Own your code, part 3: Shell scripting infrastructure

In the last post, I told the curious tale of my unreliable webhook. In the post before that, I talked about my Gitea-powered git server and how I set it up. In this one, we're going to back up a bit and look at setting up Laminar CI.

Laminar CI is a continuous integration program that takes a decidedly different approach to the one you see in solutions like GitLab CI and Travis. It takes a much more minimal approach, instead preferring to provide you with the tools you need and letting you get on with setting it up however you like and integrating it with whatever you like.

I recommend looking at its website and user manual to get a feel for how it works. In short, it lets you do things like this:

laminarc queue build-code
laminarc show-jobs

It is, of course, entirely command-line based. In order to integrate it with other services, webhooks are needed. In my case, I've used webhook for this purpose. Before we get into that though, we should outline how the system we build should work.

For me, I'm not happy with filling a folder with job scripts. I want my CI system to have the following properties:

  • I want to have all the configuration files and scripts under version control
  • I want to keep project-specific CI scripts in their appropriate repositories
  • I don't want to have to alter the CI configuration every time I start a new project.
  • The CI system should be stable - it shouldn't fall over if multiple jobs for the same repository are running at the same time.

Bold claims. Achieving this was actually quite complicated, and demanded a pretty sophistic infrastructure that's comprised of multiple independent shell scripts. It's best explained with a diagram:

There are 3 different machines at play here.

  1. The local computer, where we write our code
  2. The git server, where the code is stored
  3. The CI Server, which runs continuous integration tasks

Somehow, we need to notify the CI server that it needs to do something when new commits end up at the git server. We can achieve this with a git post-receive hook, which is basically a shell script (yep, we'll be seeing a lot of those) that can perform some logic on the server just after a push is complete, but the client pushing them hasn't disconnected yet.

In this post-receive hook we need to trigger the webhook that notifies the CI server that there are new commits for it to test. GitHub makes this easy, as it provides a webhook system where you can configure a webhook via a GUI - but it doesn't let you set the webhook script directly as far as I know.

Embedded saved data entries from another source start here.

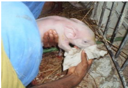
Figura 48 - Desobstrução das vias aéreas

Logo após o nascimento dos leitões adotava-se os seguintes manejos: secagem do corpo e desobstrução das vias aéreas com papel toalha (Figura 48); amarrão, corte e desinfecção do umbigo com iodo a 5% (Figura 49). A prática do corte e cura do umbigo é recomendada por este ser “porta” de entrada a agentes causadores de infecções (SOBESTIANSKY et al., 1998). Também era realizado o auxílio a primeira mamada (ingestão de colostro) (Figura 50), sendo este rico em imunoglobulinas de grande importância para a imunização do leitão e logo após era feito o aquecimento do leitão no escamoteador (Figura 51). Alguns leitões que nasciam mais fracos eram auxiliados pelo tratador a mamar o colostro, pois a disputa dos tetos melhores era feita pelos animais mais fortes, dificultando a mamada dos mais fracos. Também ocorria que alguns leitões nascessem com baixo peso, sendo assim necessário o consumo de leite auxiliar através de mamadeira pelo menos nos três primeiros dias de vida do leitão.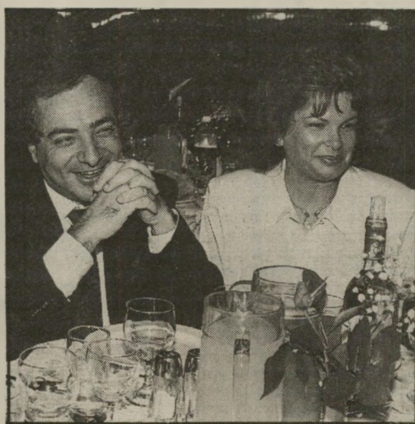
לארץ. בני משפחת גינדי שבו ארצה, מסתבר, בעיקבות הסדר שהגיעו אליו עם שילטונות-המס. הם שומרים על פרופיל נמוך ואינם נראים באירועי-צדקה שונים, המשופעים בני-מעמדם.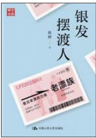
《银发摆渡人》 陈辉 著 中国人民大学出版社

“老漂”指从外地来到其子女所在城市,帮子女照顾孩子、做家务的老人,是青年家庭的摆渡人。亲眼看到自己的父母帮助带孩子和做家务,陈辉深感这种父辈支持模式在青年家庭中的关键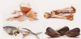
RESTES DE MENJAR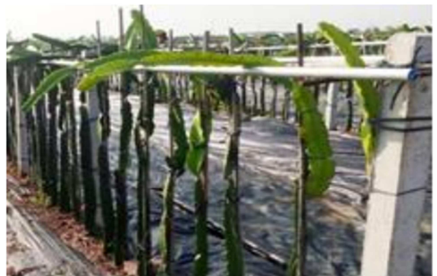
图1 水泥柱式种植法。

火龙果的传统种植搭架有“水泥柱式”种植法(如图1)、“钢丝篱笆式”种植法等方法。其中, “水泥柱式”栽培容易导致火龙果的气生根缠绕在水泥柱上, 使气生根在水泥柱上无法吸收养分, 增加了细菌感染风险; “钢丝篱笆式”种植法需要人工的成本较高, 而且随着种植年限的增加, 枝条过重, 钢丝老化, 最终导致钢丝无法承受枝条重量而整排坍塌, 并引起主干的折损和断裂。以上两种种植方法都存在着一定的弊端, 容易导致株间枝条相互交杂, 混乱不堪, 从而影响太阳光照和日常管理, 并且后期难以修剪[1]。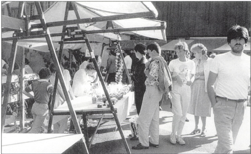
So sah der Chilbimärt in Maur 1987 aus. Noch gab es kein Festzelt.

Daneben hat der Verein vom Tal ein interessantes Programm für Menschen jeden Alters entwickelt und schafft es so, seine Reihen mit aktiven jüngeren Frauen zu ergänzen. Er lädt zu Besuchen von Ausstellungen, Museen und Theatervorführungen ein, organisiert jährlich eine Reise und während des Sommers einmal pro Woche das gemeinsame «Walken». Im November führt er einen Räbeliechtli-Umzug durch und während der Herbstferien seit vielen Jahren das Kerzenziehen in der Mühlenscheune Maur. Dieses erfreut sich immer grösserer Beliebtheit. Nicht zuletzt dank seiner fantasiereichen Leiterinnen. Diese lassen sich laufend neue Ideen und Techniken einfallen, die es jedem leicht machen, schönste Kunstwerke aus Wachs oder Paraffin zu schaffen. Der Erlös fliesst in Projekte für Kinder und Jugendliche.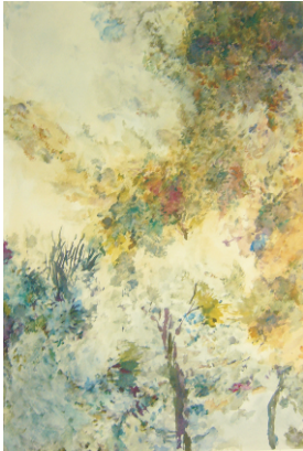
2005 - 30,4 x 45,3 cm (Aquarell auf Papier)

Aquarelle einer wiedererfundenen Malerei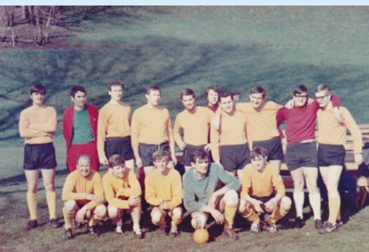
TV Biberist Handball 1969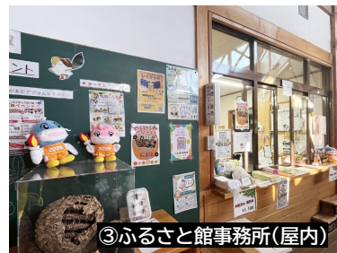
③ふるさと館事務所(屋内)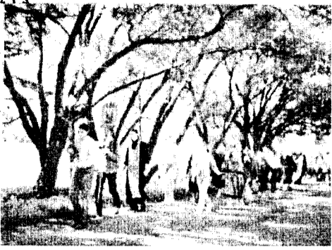
... на г. Вевис.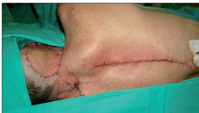
Fig. 5: Colgajo posicionado en el área receptora y cierre del área donante.

El postoperatorio transcurrió sin incidencias. No fue necesario ingreso en la Unidad de Cuidados Intensivos; el drenaje de la región donante fue retirado a las 48 horas y el de la región receptora a los 5 días; finalmente el paciente fue dado de alta.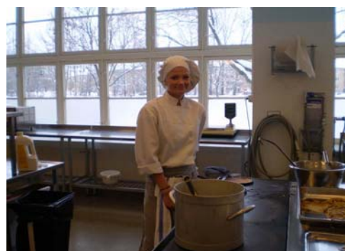
図 1 7 . 調理プログラム

この高校を卒業後、実際に芸術や工芸の分野で活躍している著名な卒業生も多いとのことであった。図 19 は、メディアコースの生徒が作成した学校紹介パンフレットの一部分で、生徒の作品のうちいくつかはプロの批評家からも高い評価を受けているという。

Alternatively, should we run into issues with the webhook and we have control over the git server, we can trigger the CI build directly by writing a post-receive git hook directly utilising SSH port forwarding. This is what I did in the end for my personal git server, though as I noted in part 2 I did end up working around the webhook issues so that I could have it work with GitHub too.

For the webhook to work, we'll need a receiving script that will parse the JSON body of the webhook itself, and queue the laminar job.

In order for the laminar job to work without modification when we add a new project, it will have to come in 2 parts. The first will have a generic 'virtual' or 'smart' job, which should create a symbolic link to itself under the name of the repository that we want to run CI tasks for.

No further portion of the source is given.